範例應用程式會擷取 entry 標記及其巢狀標記 title、link 和 summary 的資料。

將剖析器例項化

剖析動態饋給的下一步，是將剖析器執行個體化並啟動剖析程序。這個程式碼片段會將剖析器初始化，使其不處理命名空間，並使用已提供的 InputStream 做為輸入內容。系統會透過 nextTag() 呼叫啟動剖析程序，並叫用 readFeed() 方法，以擷取並處理應用程式感興趣的資料：

Kotlin

// We don't use namespaces.
private val ns: String? = null

class StackOverflowXmlParser {

    @Throws(XmlPullParserException::class, IOException::class)
    fun parse(inputStream: InputStream): List<*> {
        inputStream.use { inputStream ->
            val parser: XmlPullParser = Xml.newPullParser()
            parser.setFeature(XmlPullParser.FEATURE_PROCESS_NAMESPACES, false)
            parser.setInput(inputStream, null)
            parser.nextTag()
            return readFeed(parser)
        }
    }
 ...
}

Java

public class StackOverflowXmlParser {
    // We don't use namespaces.
    private static final String ns = null;

    public List parse(InputStream in) throws XmlPullParserException, IOException {
        try {
            XmlPullParser parser = Xml.newPullParser();
            parser.setFeature(XmlPullParser.FEATURE_PROCESS_NAMESPACES, false);
            parser.setInput(in, null);
            parser.nextTag();
            return readFeed(parser);
        } finally {
            in.close();
        }
    }
 ...
}

讀取動態消息

實際負責處理動態饋給資料的是 readFeed() 方法。

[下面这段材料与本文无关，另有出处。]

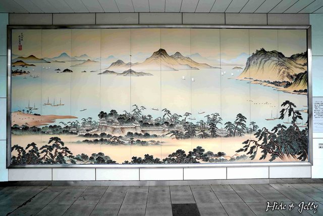 天守台內,面對月台的大大看板,不知道搭車的、等車的會不會看到才發現,原來旁邊有

這個方法會找出標記為「entry」的元素，做為遞迴處理動態饋給的起點。如果不是 entry 標記，則可略過。整個動態饋給都以週期性方式處理後，readFeed() 會傳回 List，其中包含從動態饋給中擷取的項目 (包括巢狀資料成員)。接著，剖析器會傳回這個 List。

Kotlin

@Throws(XmlPullParserException::class, IOException::class)
private fun readFeed(parser: XmlPullParser): List<Entry> {
    val entries = mutableListOf<Entry>()

    parser.require(XmlPullParser.START_TAG, ns, "feed")
    while (parser.next() != XmlPullParser.END_TAG) {
        if (parser.eventType != XmlPullParser.START_TAG) {
            continue
        }
        // Starts by looking for the entry tag.
        if (parser.name == "entry") {
            entries.add(readEntry(parser))
        } else {
            skip(parser)
        }
    }
    return entries
}

Java

private List readFeed(XmlPullParser parser) throws XmlPullParserException, IOException {
    List entries = new ArrayList();

    parser.require(XmlPullParser.START_TAG, ns, "feed");
    while (parser.next() != XmlPullParser.END_TAG) {
        if (parser.getEventType() != XmlPullParser.START_TAG) {
            continue;
        }
        String name = parser.getName();
        // Starts by looking for the entry tag.
        if (name.equals("entry")) {
            entries.add(readEntry(parser));
        } else {
            skip(parser);
        }
    }
    return entries;
}

剖析 XML

剖析 XML 動態饋給的步驟如下：

按照「分析動態饋給」一文的說明，找出您要納入應用程式的標記。這個範例會擷取 entry 標記及其巢狀標記 title、link 和 summary 的資料。
建立以下方法：
- 您要納入的每個標記都有一種「讀取」方法，例如 readEntry() 和 readTitle()。剖析器會讀取輸入資料流中的標記。當遇到本範例中名為 entry、title、link 或 summary 的標記時，它會為該標記呼叫適當方法，其他的標記則會略過。
- 為其他類型的各標記擷取資料的方法，以及讓剖析器對下一個標記進行剖析的方法。在這個例子中，相關方法如下：
  - 剖析器會針對 title 和 summary 標記呼叫 readText()。這個方法會呼叫 parser.getText() 來擷取這些標記的資料。
  - 如果是 link 標記，剖析器會先確定連結是否為其有興趣的類型，再擷取該連結的資料。接著，剖析器會使用 parser.getAttributeValue() 擷取連結的值。
  - 針對 entry 標記，剖析器會呼叫 readEntry()。這個方法會剖析該項目的巢狀標記並傳回 Entry 含有資料成員 title、link 和 summary。
- 遞迴的 skip() 輔助方法。如要進一步瞭解這個主題，請參閱「跳過您不需要的標記」。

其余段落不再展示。